HEY. HI and HELLO FRIENDS AND FAMILY!!!!!! You must be rubbing your eyes thinking “ain’t no way Ryann posted another blog???!!! She didn’t post for uhhh like 4 months and now she posted 2 blogs within 2 days???!!!” CRAZY, I know, right? Listen, I have never been a writer, okay. I don’t like journaling. It is something I have kind of kicked myself about because like you would think someone would have the motivation to write about these INSANE past 10 months, right? Yeah someone would have that motivation, but that someone isn’t ME lol. But okay hear me out, I am kind of in the process of processing A LOT right now. A lot of changes. A lot of decisions. A lot of life not looking like what I thought it would.
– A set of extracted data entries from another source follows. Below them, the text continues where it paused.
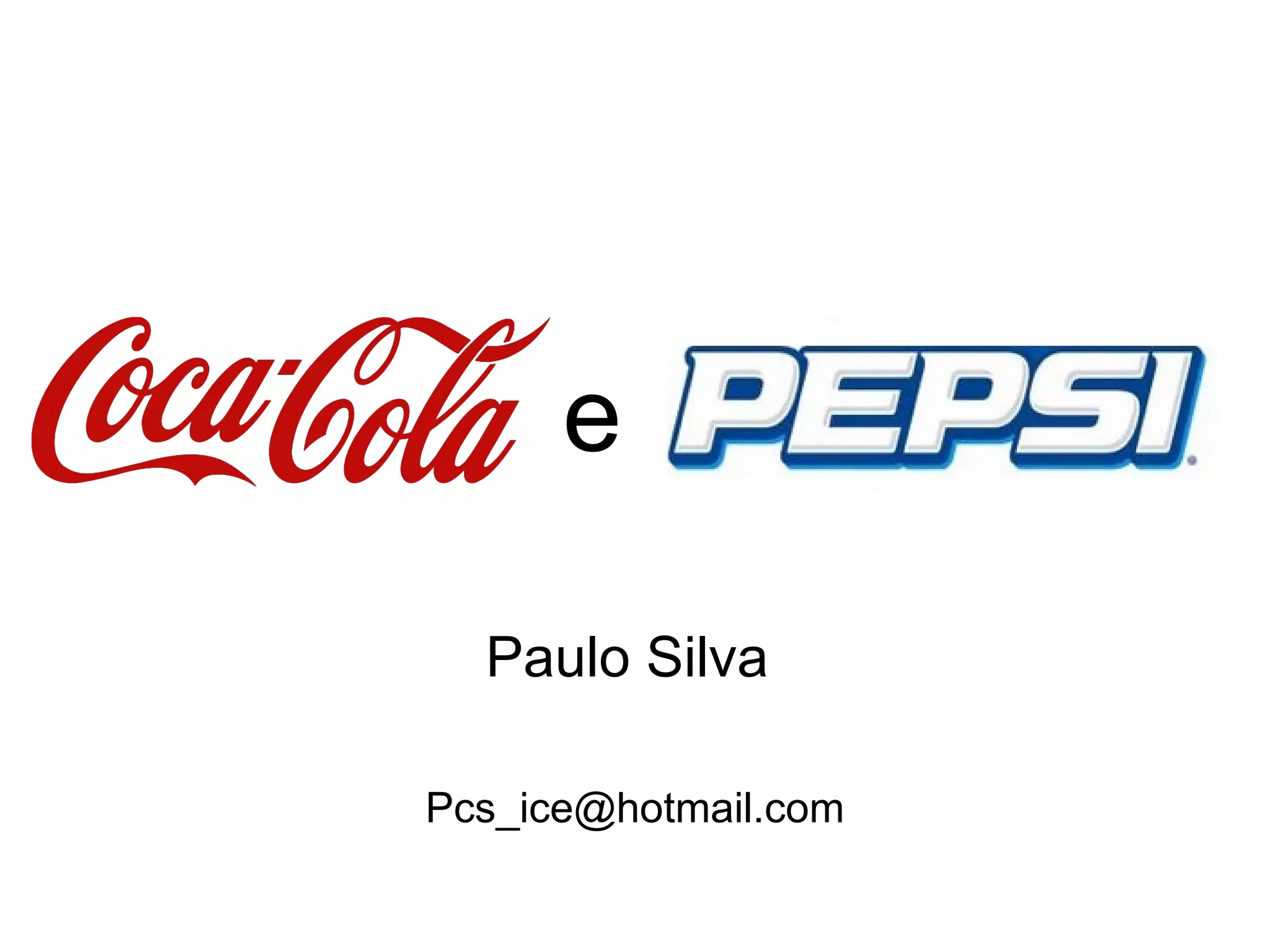 O documento compara as empresas Coca-Cola e Pepsi, suas histórias, produtos, preços, embalagens, marketing e distribuição. A Coca-Cola foi fundada em 1886 e a Pepsi em 1898, sendo ambas líderes globais de refrigerantes. A Coca-Cola possui maior faturamento e valor de marca, enquanto a Pepsi investe em renovação de marca.
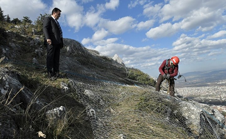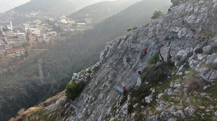 10 bin metrekarelik kayalık alanda tedbir aldıklarını belirten Osmangazi Belediye Başkanı Mustafa Dündar, "Altıgen çelik telle bu bölgeyi kaplıyoruz. Herhangi bir harekette taşların buradan kopması halinde bu tel kayaları engelleyip aşağıya vatandaşların evlerine gitmesine engel olacak. Dağ yamaçlarında yapılan bu çalışmayı dağcılar yapıyor. Herkesin yapabileceği bir iş değil. Bizler çelik tellerle bu bölgeyi sağlamlaştırıp kayaların aşağıya inmesini engelliyoruz" dedi.
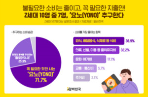 욜로(YOLO)? 이젠 요노(YONO)!한때 ‘욜로(YOLO:You Only Live Once)’는 젊은 세대를 대표하는 소비트렌드였다. ‘한 번뿐인 인생, 후회 없이 즐기자’라는 모토를 가진 욜로족은 오마카세, 호캉스, 명품 구매에 돈을 아끼지 않으며 그 순간의 즐거움을 추구하는 소비를 보였다. 이는 불확실한 미래에 대한 인식이 강화되던 중 현재의 삶에 집중하고자 하는 사람들이 늘어나고 개인의 삶의 질과 경험을 중시하는 문화가 확산됨에 따라 나타난 현상이었다.하지만 경제불황과 고물가 시대가 이어지면서 욜로 소비는 점차 새로운 트렌

Writing, weirdly enough, seems to be what is helping me the most. I feel like I can get my thoughts and emotions out all while hearing from the Lord and allowing Him to speak into my life. Who knew that getting your thoughts out onto pen and paper (or in my case your thoughts out onto a Google doc) would be so therapeutic and healing. I hope you enjoy this outpouring of my heart and get a glimpse into what coming to the end of my old self has looked like.
That’s all for now folks🙂
Love Always in All Ways
Ryann
this new Ryann seems like she is filled with a even more light<3 I love you bestie!
Lovely to hear about the changes happening, even when they are difficult! Keeping up the writing; we enjoy it! Writing helps me, too.